» **Task statement**: Produce a word-for-word copy of the line that contains "キャミワンピースは中にTシャツを合わせて休日カジュアルコーデにも♡" and each line after it through the end of the material, omitting pictures and all other lines.

» **Data under study**:
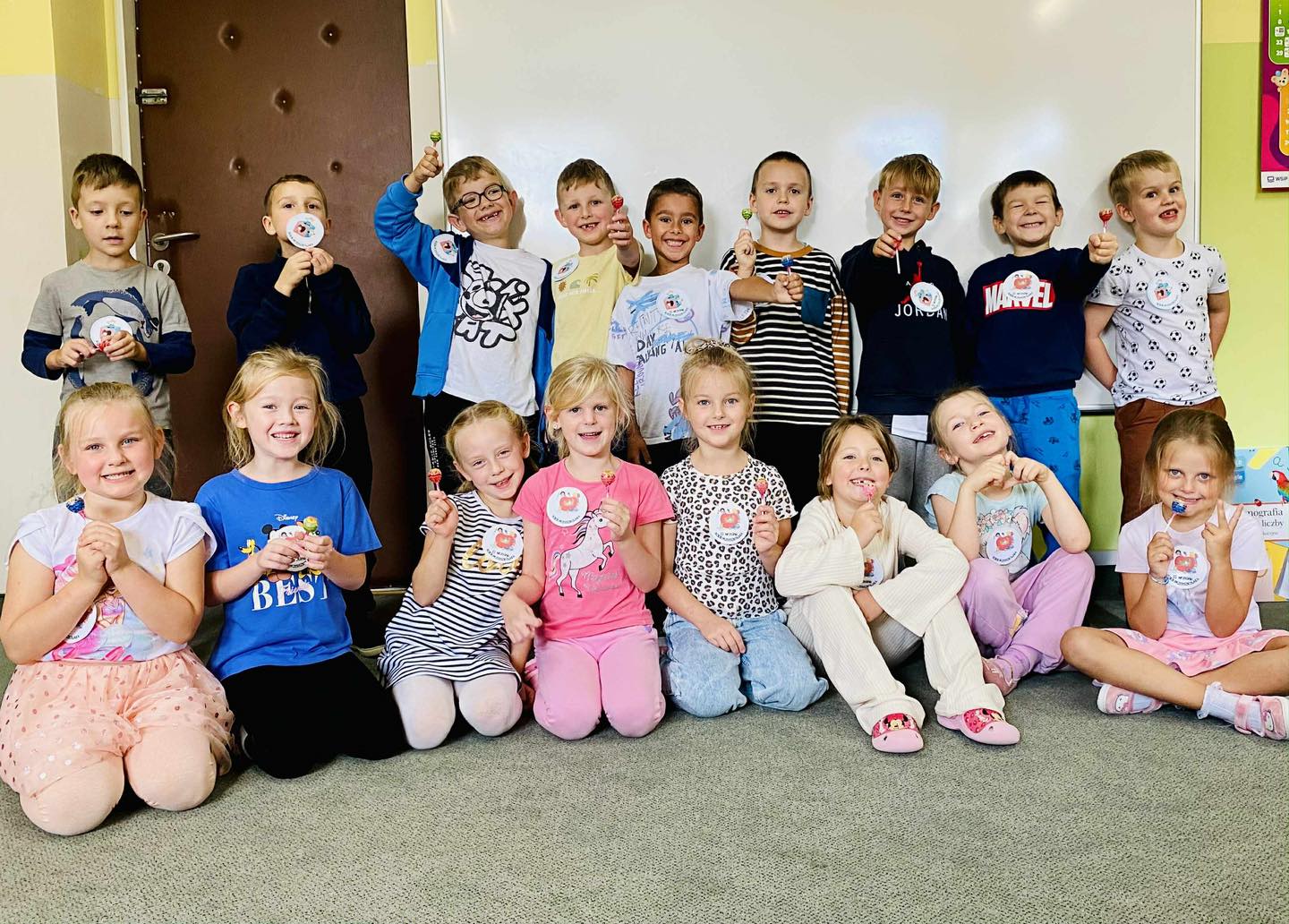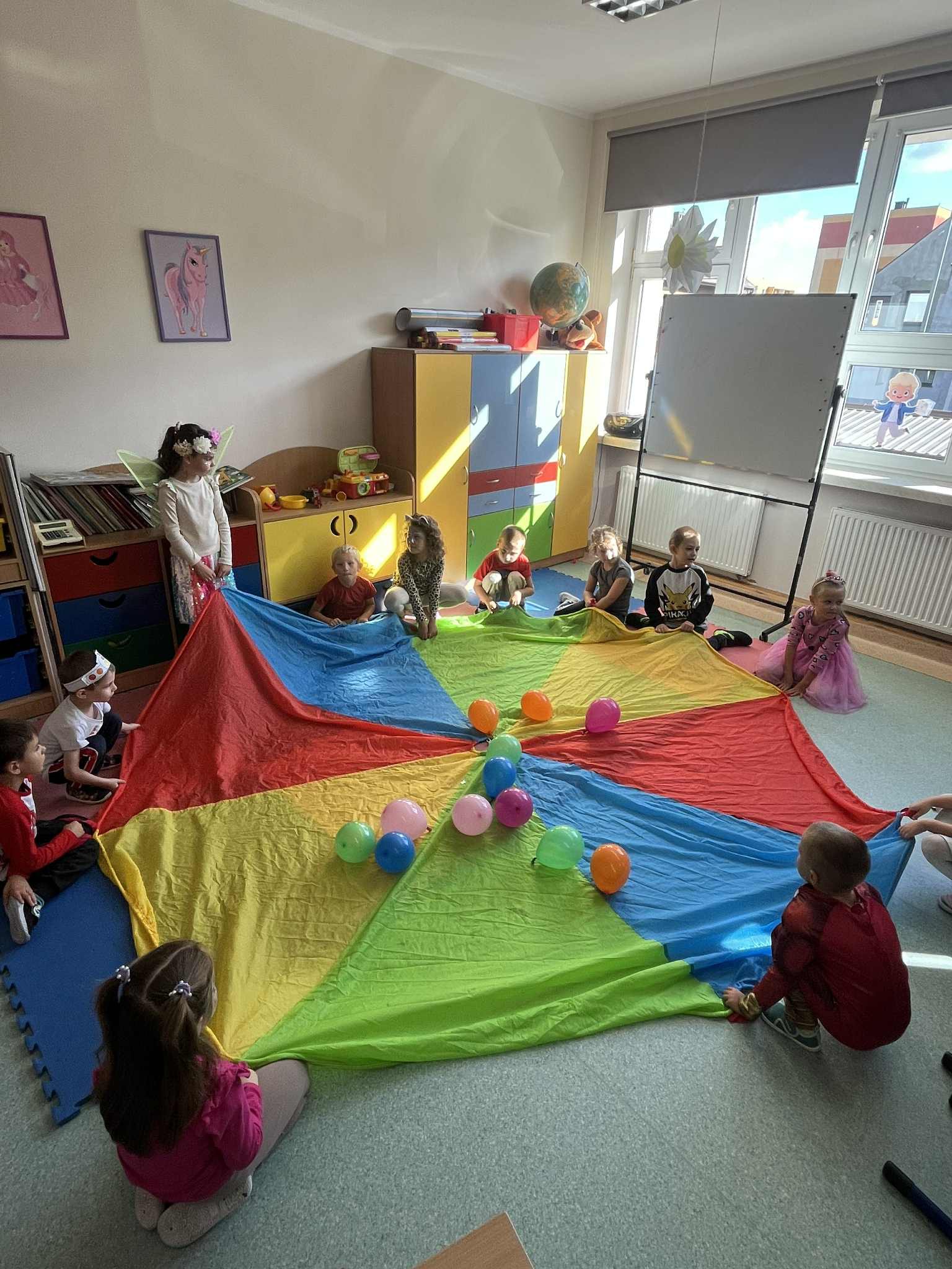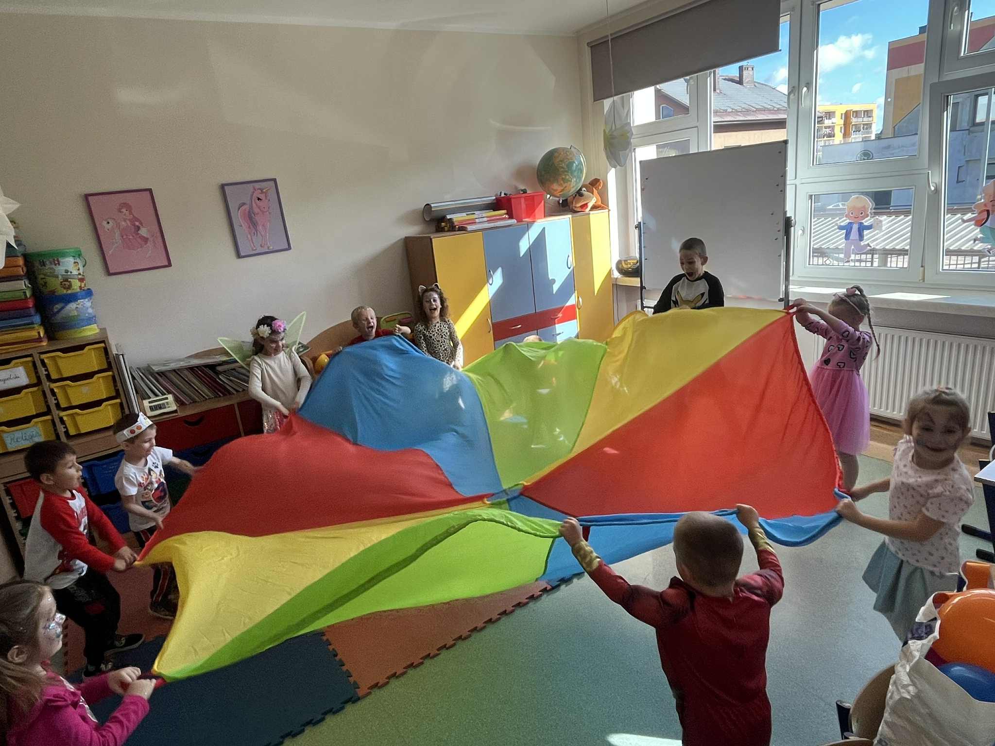 i nauki. Dzieci z klasy 0b bawiły się z kolorową chustą animacyjną, tańczyły przy muzyce i wspólnie tworzyły swoje wyjątkowe Paszporty Super Przedszkolaka. Nie zabrakło też słodkiego poczęstunku, który dodał energii do dalszych harców. Każdy otrzymał dyplom i wierszyk od pani wychowawczyni.
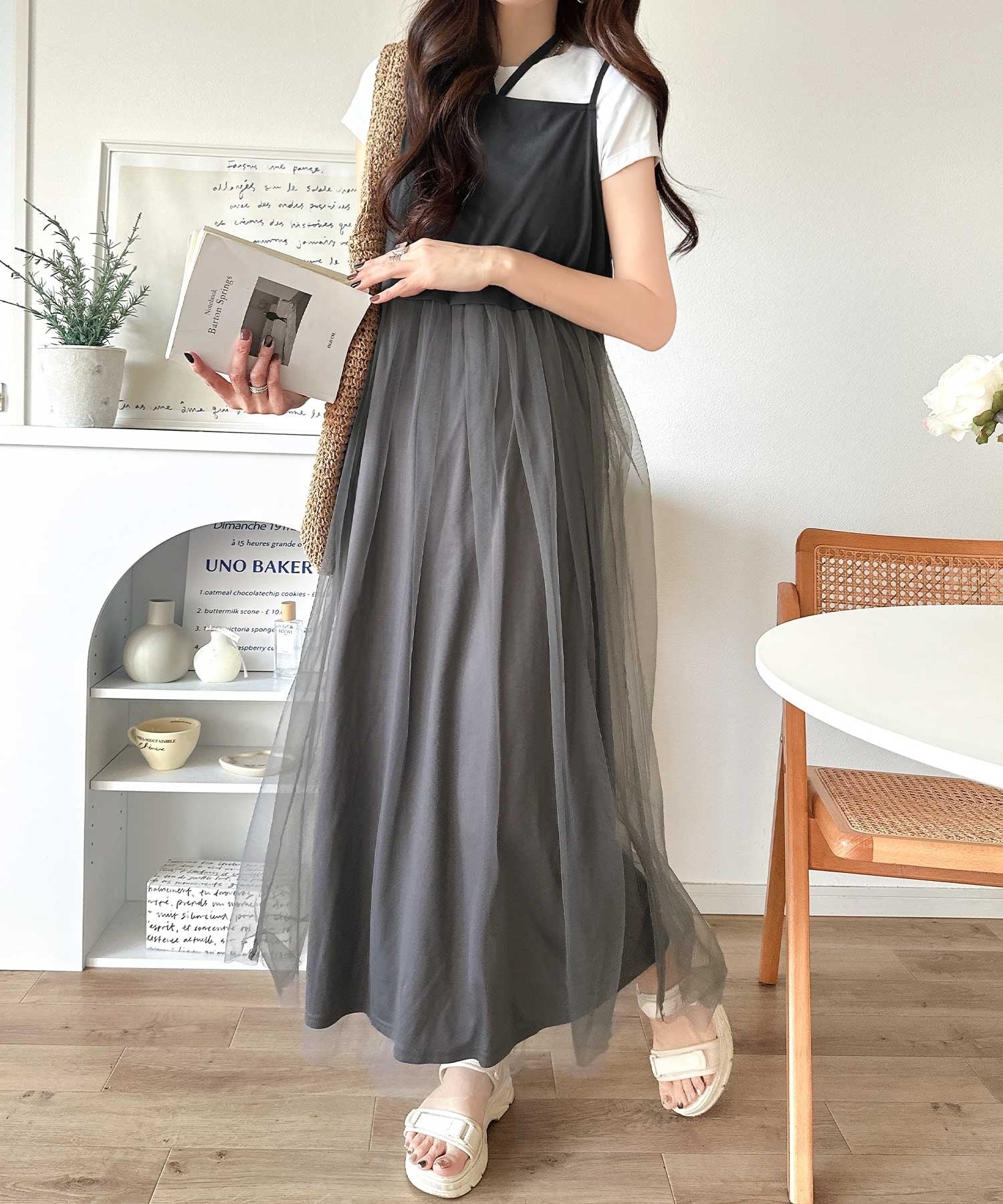 キャミワンピースは中にTシャツを合わせて休日カジュアルコーデにも♡
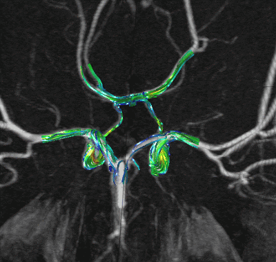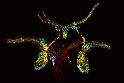 This example shows the combination of traditional flow visualization with volume rendering techniques. In this case the blood flow in the circle of Willis was computed in a realistic model reconstructed from contrast-enhanced magnetic resonance angiographic (MRA) images.
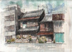 この建ものの最寄り駅は鶯谷、生活圏は根岸になります。根岸といえば下町情緒で有名ですが、木造長屋はそれほど多くありません。運よく震災と戦災からまぬがれても開発の手が伸びてきて、大通りから順に大きなビルに変わっていきました。出桁が見事なこの古びた町家は、路地を渡り歩いた奥に肩を寄せあって並んでいます。近所の方のお話だと、たぶん大正期からあったのではないかと思います。 |
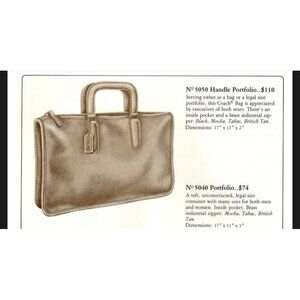 VTG Coach Handle Portfolio 5050 Mocha Leather Brass Early 80s NYC Glue In + Tag
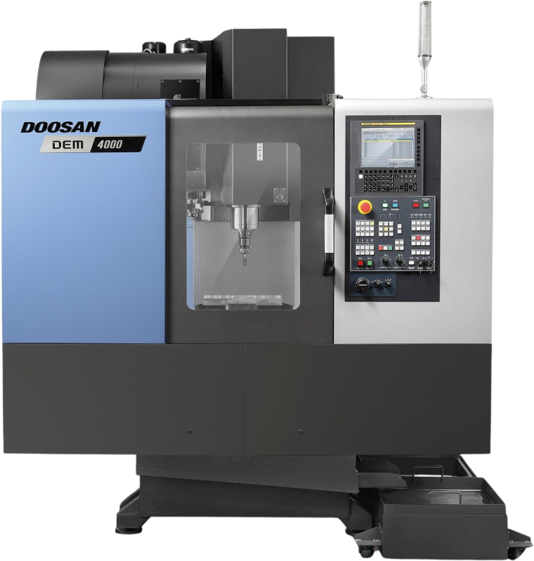 The DEM series includes the Doosan DEM 4000, a compact, high-performance vertical machining center.
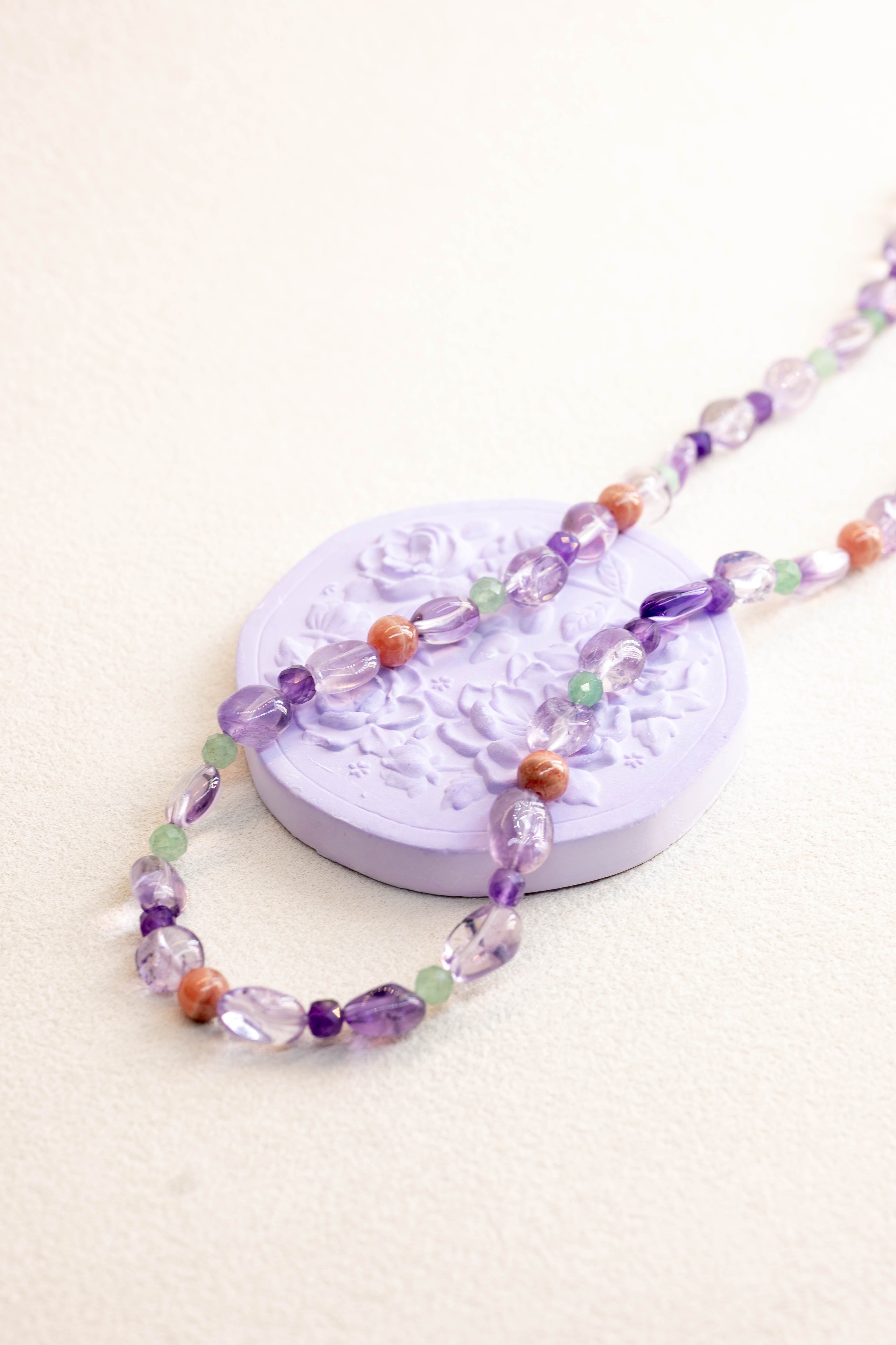 Lavender Horizon Necklace | Lavender Amethyst Rhodochrosite(A) Green Aventurine
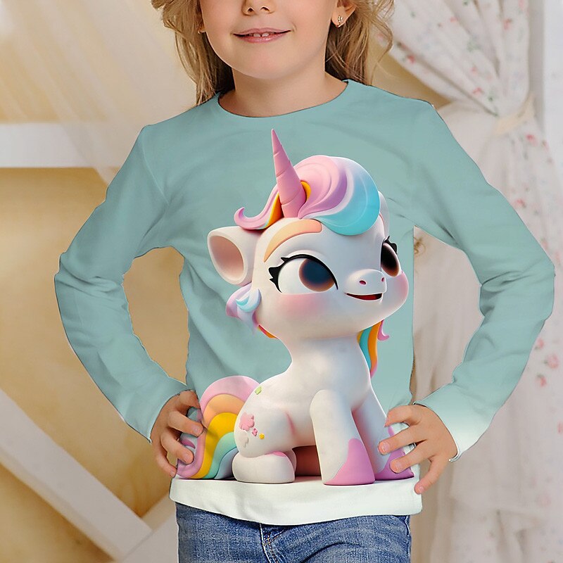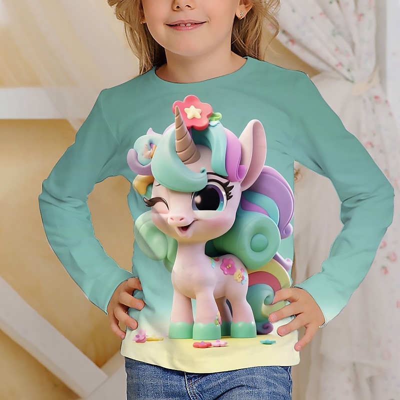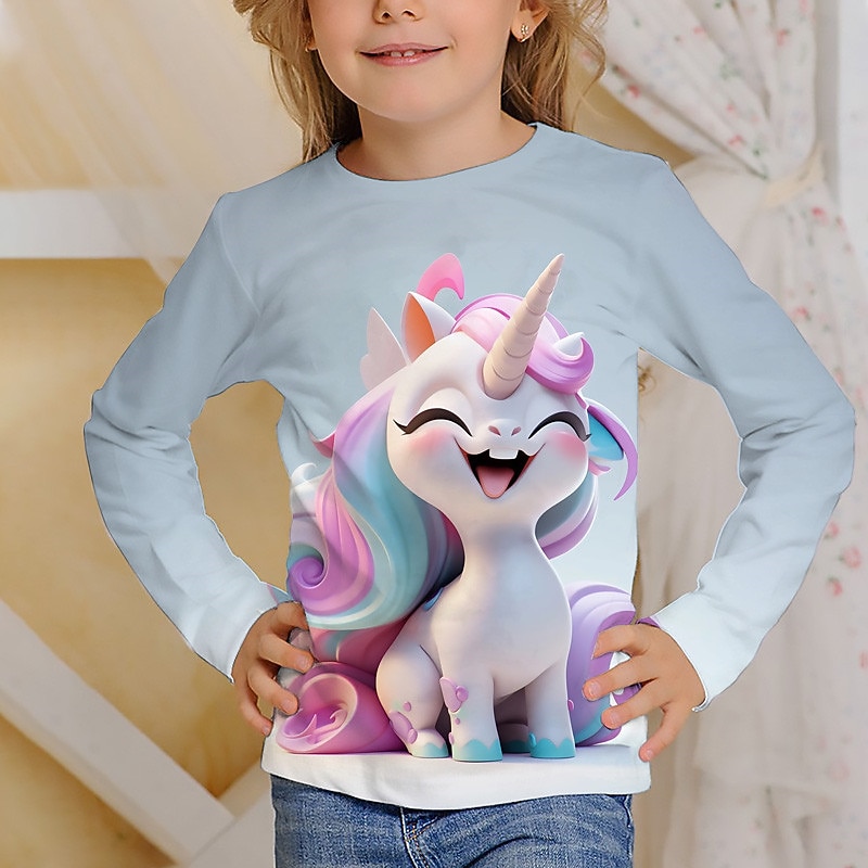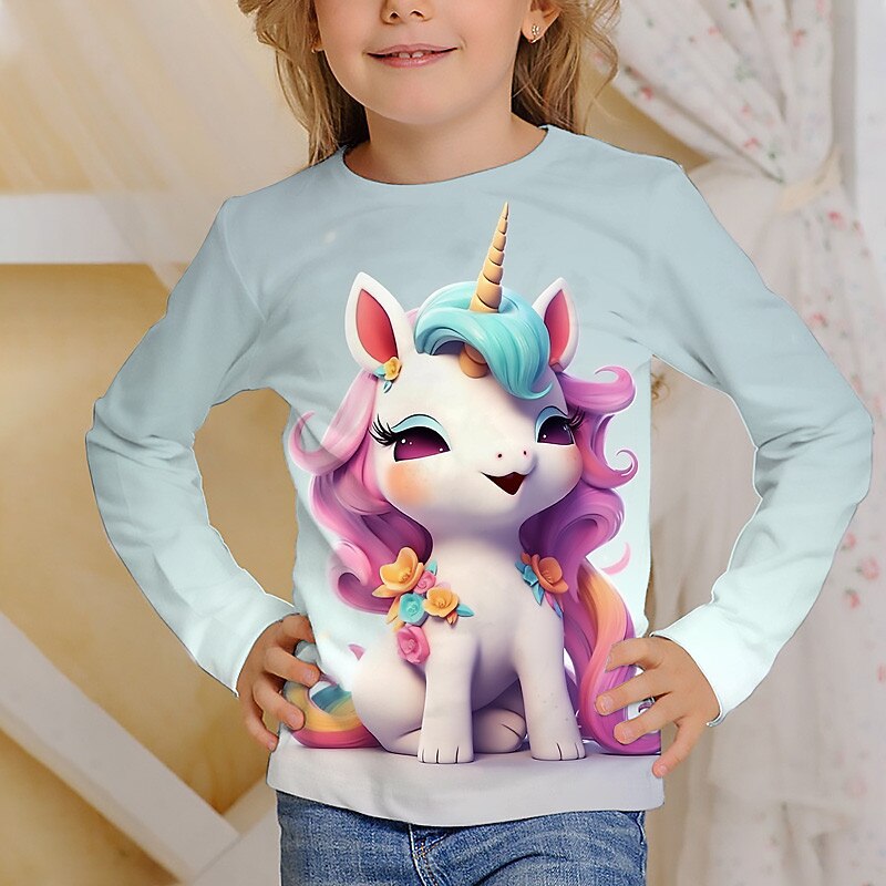 Why Choose Girls' 3D Graphic Cartoon Unicorn T shirt Tee Long Sleeve 3D Print Summer Fall Active Fashion Cute Kids 3-12 Years Outdoor Casual Daily Regular Fit?

» **Worked solution**:
 キャミワンピースは中にTシャツを合わせて休日カジュアルコーデにも♡
 This example shows the combination of traditional flow visualization with volume rendering techniques. In this case the blood flow in the circle of Willis was computed in a realistic model reconstructed from contrast-enhanced magnetic resonance angiographic (MRA) images.
 この建ものの最寄り駅は鶯谷、生活圏は根岸になります。根岸といえば下町情緒で有名ですが、木造長屋はそれほど多くありません。運よく震災と戦災からまぬがれても開発の手が伸びてきて、大通りから順に大きなビルに変わっていきました。出桁が見事なこの古びた町家は、路地を渡り歩いた奥に肩を寄せあって並んでいます。近所の方のお話だと、たぶん大正期からあったのではないかと思います。 |
 VTG Coach Handle Portfolio 5050 Mocha Leather Brass Early 80s NYC Glue In + Tag
 The DEM series includes the Doosan DEM 4000, a compact, high-performance vertical machining center.
 Lavender Horizon Necklace | Lavender Amethyst Rhodochrosite(A) Green Aventurine
 Why Choose Girls' 3D Graphic Cartoon Unicorn T shirt Tee Long Sleeve 3D Print Summer Fall Active Fashion Cute Kids 3-12 Years Outdoor Casual Daily Regular Fit?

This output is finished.